OK, here's a slightly more refined example. We start with a slightly non-spherical limit set, which makes a nice basic planet surface:

Now let's make some slightly better vegetation, four different cluster-trees of slightly different colours and sizes:

We can attach them to the octahedral tiles with a transition tile that links to all four trees:

Now if we take a shell-shell to represent craters on the planet:

then we link one of its 6 spheres to the above tree transition tile, then we get some life on the crater structure:

Now we can apply this shell-shell to one of the six spheres in the planet limit set:

It has added lots of craters and the 'vegetation' down in the craters.

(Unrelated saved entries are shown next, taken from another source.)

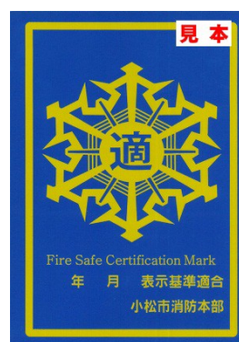
表示マーク金（有効期限 3 年）
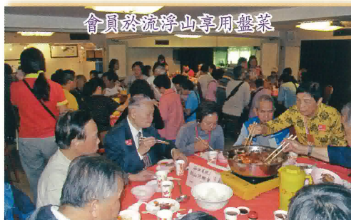
會員於流浮山享用盤菜

遊畢流浮山，我們順道前往參觀妙法寺，途中我們進行了抽獎活動，今次獎品有冬菇禮包，毛巾套裝和罐裝即食蠔。妙法寺位於新界屯門藍地青山公路廿二咪。於一九六一年由洗塵法師及金山法師聯同一眾護法創立。除了原有的萬佛寶殿，旁邊還建了一座新翼綜合大樓，設計概念揉合傳統及現代化之設施，以實用環保為主要設計概念，摒棄傳統不合時宜之佈局，所有裝修不求花巧，便於日後維修保養，以免浪費十方善信之淨施。設計雖然新穎，但不離佛法僧三寶之概念。頂層之玻璃幕牆，猶如一座碩大之水晶蓮花。大雄寶殿約高
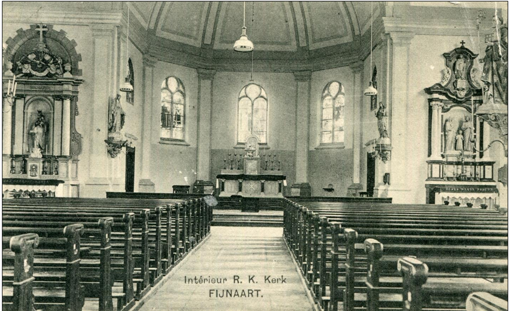
Intérieur R. K. Kerk FIJNAART.
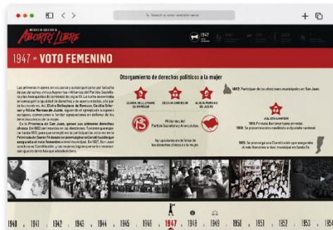
Diseño de una experiencia interactiva de información sobre el aborto y salud reproductiva basado en el documento «Aborto en Argentina: Síntesis de su historia legislativa» que describe cómo a partir de la entrada en vigencia del
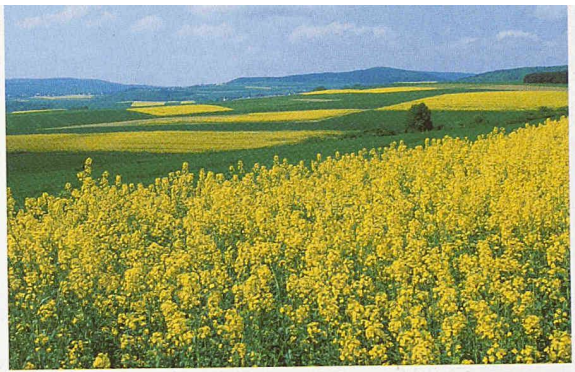
Raps mit Zukunft: Dank neuem Verfahren kann daraus kälteresistentes Schmieröl hergestellt werden

Auf www.wasserqualitaet.ch können die Trinkwasserdaten entweder nach Postleitzahl oder Wohnort abgerufen werden. Da die Beteiligung an dem Dienst fakultativ ist, sind noch nicht alle Wasserversorger eingetragen.
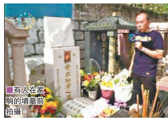
有人在家騎的墳墓前直播。
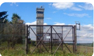
Mahnmal, ehemalige innerdeutsche Grenze, Rhön
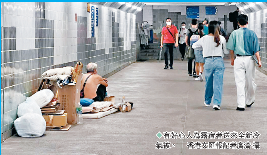
◆有好心人為露宿者送來全新冷氣被。

Now modifying a whole 6th of the planet is a bit extreme for a large world, so I've added the ability to direct the link to the next set to any descendant sphere, not just one of the generating spheres. Here it applies it to one child sphere (so 1/36th of the world):

The deeper the descendant that does the link, the smaller the part of the wold it effects. This is a grandchild (so a 216th of the world):

The greenery-filled shell-shell occupies more than a 216th in the final limit set because you don't see just the descendent sphere but the reflections of that sphere over the other parts of the world. 

So this is different to traditional world building, you can specify a location for a patch of terrain by specifying the descendent, but you get a distribution of the structure, not just a single one. This is actually quite nice and natural, many things like forests, water bodies and mountains come in distributions rather than just single items.